Stored data:
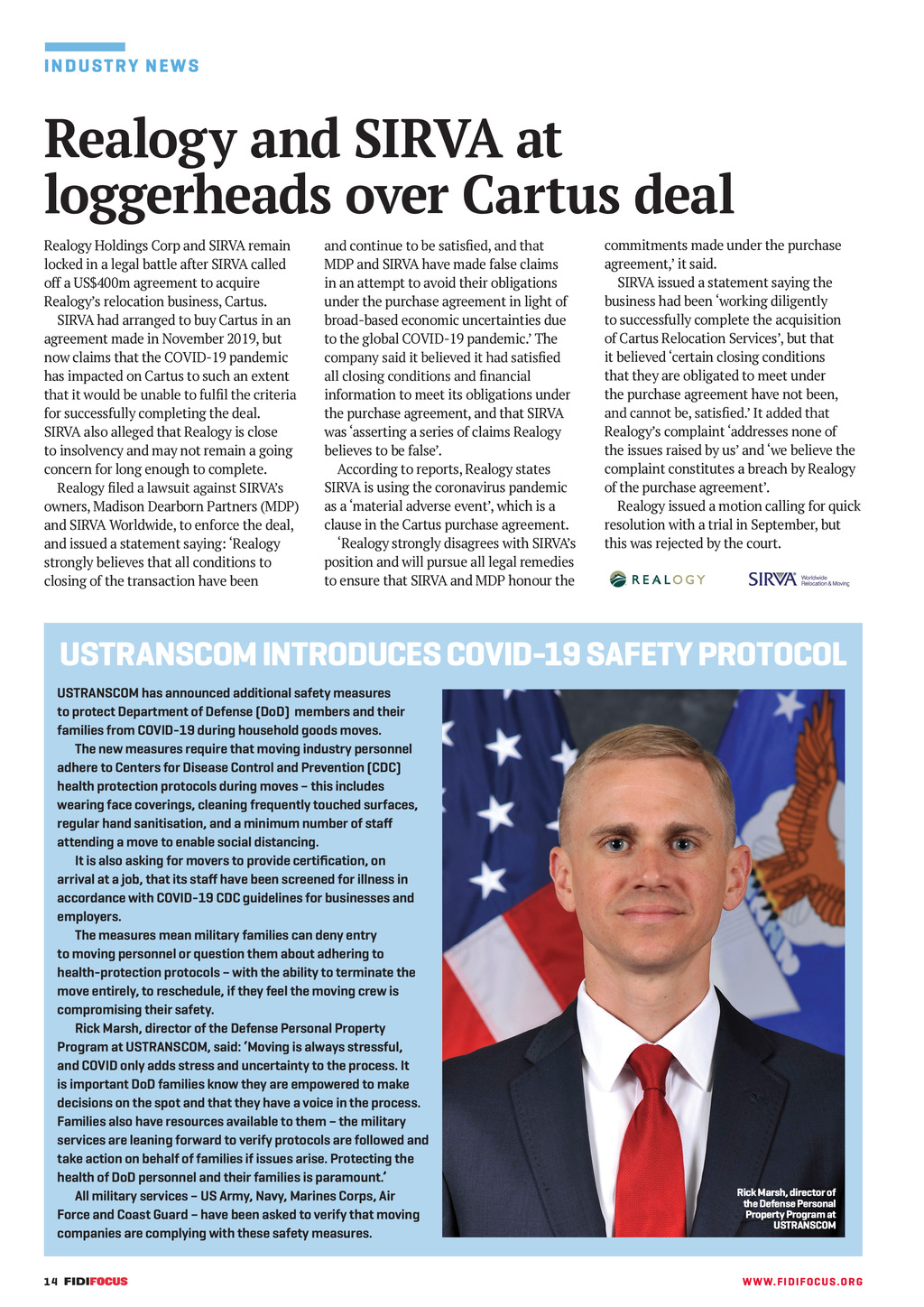IN D U ST RY N EW S Realogy and SIRVA at loggerheads over Cartus deal Realogy Holdings Corp and SIRVA remain locked in a legal battle after SIRVA called off a US$400m agreement to acquire Realogys relocation business, Cartus. SIRVA had arranged to buy Cartus in an agreement made in November 2019, but now claims that the COVID-19 pandemic has impacted on Cartus to such an extent that it would be unable to full the criteria for successfully completing the deal. SIRVA also alleged that Realogy is close to insolvency and may not remain a going concern for long enough to complete. Realogy led a lawsuit against SIRVAs owners, Madison Dearborn Partners (MDP) and SIRVA Worldwide, to enforce the deal, and issued a statement saying: Realogy strongly believes that all conditions to closing of the transaction have been and continue to be satised, and that MDP and SIRVA have made false claims in an attempt to avoid their obligations under the purchase agreement in light of broad-based economic uncertainties due to the global COVID-19 pandemic. The company said it believed it had satised all closing conditions and nancial information to meet its obligations under the purchase agreement, and that SIRVA was asserting a series of claims Realogy believes to be false. According to reports, Realogy states SIRVA is using the coronavirus pandemic as a material adverse event, which is a clause in the Cartus purchase agreement. Realogy strongly disagrees with SIRVAs position and will pursue all legal remedies to ensure that SIRVA and MDP honour the commitments made under the purchase agreement, it said. SIRVA issued a statement saying the business had been working diligently to successfully complete the acquisition of Cartus Relocation Services, but that it believed certain closing conditions that they are obligated to meet under the purchase agreement have not been, and cannot be, satised. It added that Realogys complaint addresses none of the issues raised by us and we believe the complaint constitutes a breach by Realogy of the purchase agreement. Realogy issued a motion calling for quick resolution with a trial in September, but this was rejected by the court. USTRANSCOM INTRODUCES COVID-19 SAFETY PROTOCOL USTRANSCOM has announced additional safety measures to protect Department of Defense (DoD) members and their families from COVID-19 during household goods moves. The new measures require that moving industry personnel adhere to Centers for Disease Control and Prevention (CDC) health protection protocols during moves this includes wearing face coverings, cleaning frequently touched surfaces, regular hand sanitisation, and a minimum number of staff attending a move to enable social distancing. It is also asking for movers to provide certification, on arrival at a job, that its staff have been screened for illness in accordance with COVID-19 CDC guidelines for businesses and employers. The measures mean military families can deny entry to moving personnel or question them about adhering to health-protection protocols with the ability to terminate the move entirely, to reschedule, if they feel the moving crew is compromising their safety. Rick Marsh, director of the Defense Personal Property Program at USTRANSCOM, said: Moving is always stressful, and COVID only adds stress and uncertainty to the process. It is important DoD families know they are empowered to make decisions on the spot and that they have a voice in the process. Families also have resources available to them the military services are leaning forward to verify protocols are followed and take action on behalf of families if issues arise. Protecting the health of DoD personnel and their families is paramount. All military services US Army, Navy, Marines Corps, Air Force and Coast Guard have been asked to verify that moving companies are complying with these safety measures. 14 FF297 JunJul20 pp10-17 Ind News.indd 14 Rick Marsh, director of the Defense Personal Property Program at USTRANSCOM WW W. F I D I FOC U S . OR G 02/06/2020 12:20
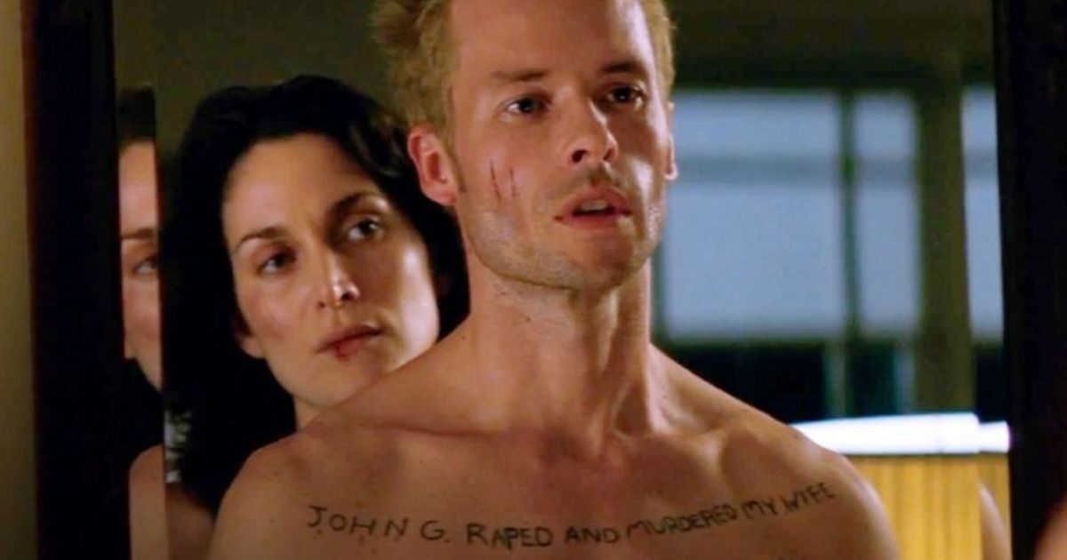En Memento, Guy Pearce es un exagente de seguros que ha perdido la memoria reciente e investiga el asesinato de su esposa. Ayudándose de sus notas y tatuajes, que le ayudan a recordar lo esencial, el peculiar investigador se ve envuelto en una intriga repleta de dudosos personajes mientras lucha por recordar y encajar las piezas de su pasado... piezas que la película nos va presentando litearlmente al revés.
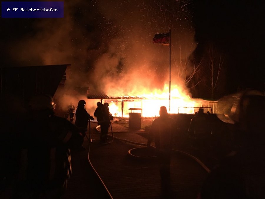 Zu einem Brand wurden wir heute nach Karlskron alarmiert. Vor Ort brannten mehrere Schuppen in denen Vögel, Hühner und Wachteln untergebracht waren. Beim Eintreffen der Feuerwehren brannte ein Teil lichterloh und wurde durch die Feuerwehr Karlskron, die schon vor Ort war bereits bekämpft.

Work request:
Nothing but the lines from the one that holds "En Memento, Guy" through the end of the data should appear, written out exactly, without pictures.

Result for this exercise:
En Memento, Guy Pearce es un exagente de seguros que ha perdido la memoria reciente e investiga el asesinato de su esposa. Ayudándose de sus notas y tatuajes, que le ayudan a recordar lo esencial, el peculiar investigador se ve envuelto en una intriga repleta de dudosos personajes mientras lucha por recordar y encajar las piezas de su pasado... piezas que la película nos va presentando litearlmente al revés.
 Zu einem Brand wurden wir heute nach Karlskron alarmiert. Vor Ort brannten mehrere Schuppen in denen Vögel, Hühner und Wachteln untergebracht waren. Beim Eintreffen der Feuerwehren brannte ein Teil lichterloh und wurde durch die Feuerwehr Karlskron, die schon vor Ort war bereits bekämpft.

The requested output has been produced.